Constructing a robot is hard because you must fit a very compact computer inside its skull, if it is to have a vaguely human shape. Making a sufficiently complex computer as compact as the human brain is also hard.
But robots aside, why bother making a computer that compact? The units that make up a computer have been getting smaller and smaller, to be sure-from vacuum tubes to transistors to tiny integrated circuits and silicon chips. Suppose that, in addition to making the units smaller, we also make the whole structure bigger.
A brain that gets too large would eventually begin to lose efficiency because nerve impulses don't travel very quickly. Even the speediest nerve impulses travel at only about 3.75 miles a minute. A nerve impulse can flash from one end of the brain to the other in one four-hundred-fortieth of a second, but a brain 9 miles long, if we could imagine one, would require 2.4 minutes for a nerve impulse to travel its length. The added complexity made possible by the enormous size would fall apart simply because of the long wait for information to be moved and processed within it.
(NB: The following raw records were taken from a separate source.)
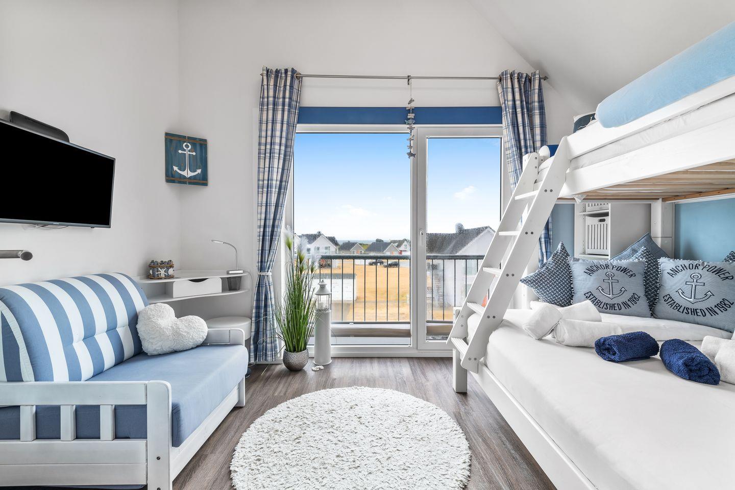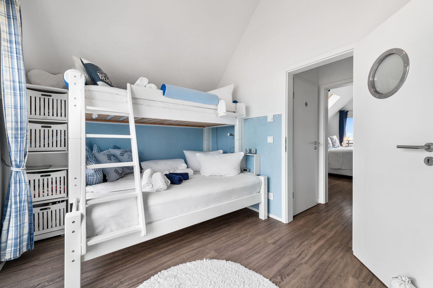 Das zweite Schlafzimmer verfügt über einen Eckkleiderschrank, einen Eckschreibtisch mit Sitzhocker für Jugendliche, einen Full-HD-LED-Fernseher, einen Schlafsessel aus Massivholz mit Federkern (87x197 cm) und ein Hochbett für Erwachsene. Der untere Teil des Hochbetts (140x200 cm, bis 180 kg) ist für zwei Personen geeignet, der obere Teil (90x200 cm, bis 75 kg) für eine Person.
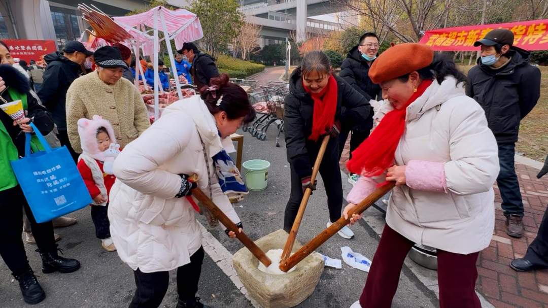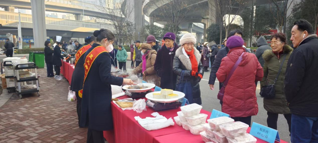 广场两侧的民俗体验区、年货集市区同样热闹非凡。写春联、搋糍粑等传统手艺吸引居民驻足体验;年货区内人来人往,现炸的圆子、藕夹热气腾腾,各色卤味香气扑鼻,大家品鉴美食挑选心仪好物,处处洋溢着温馨祥和的烟火气与人情味。
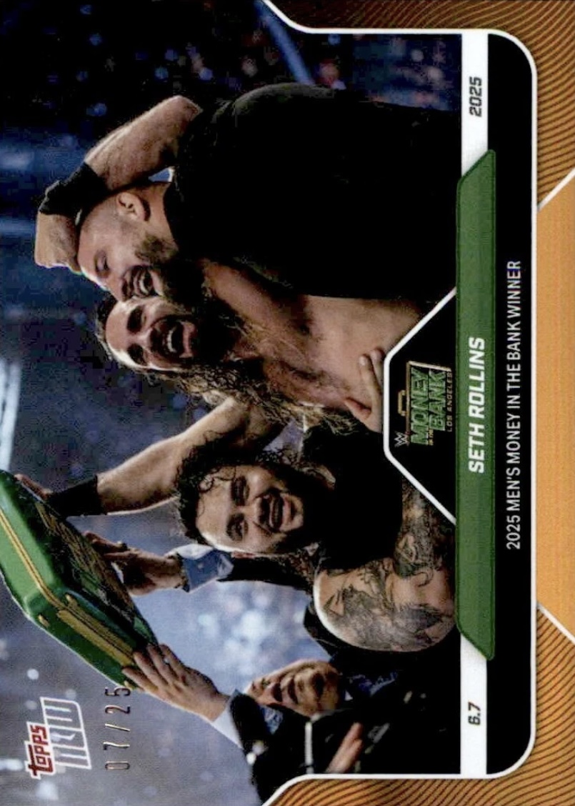WWE TOPPS NOW 2025 – SETH ROLLINS 2025 MEN’S MONEY IN THE BANK WINNER #64 – ORANGE PARALLEL

Computers, however, use electric impulses that travel at more than 11 million miles per minute. A computer 400 miles wide would still flash electric impulses from end to end in about one four-hundred-fortieth of a second. In that respect, at least, a computer of that asteroidal size could still process information as quickly as the human brain could.
If, therefore, we imagine computers being manufactured with finer and finer components, more and more intricately interrelated, and also imagine those same computers becoming larger and larger, might it not be that the computers would eventually become capable of doing all the things a human brain can do?
Is there a theoretical limit to how intelligent a computer can become?
I've never heard of any. It seems to me that each time we learn to pack more complexity into a given volume, the computer can do more. Each time we make a computer larger, while keeping each portion as densely complex as before, the computer can do more.
Eventually, if we learn how to make a computer sufficiently complex and sufficiently large, why should it not achieve a human intelligence?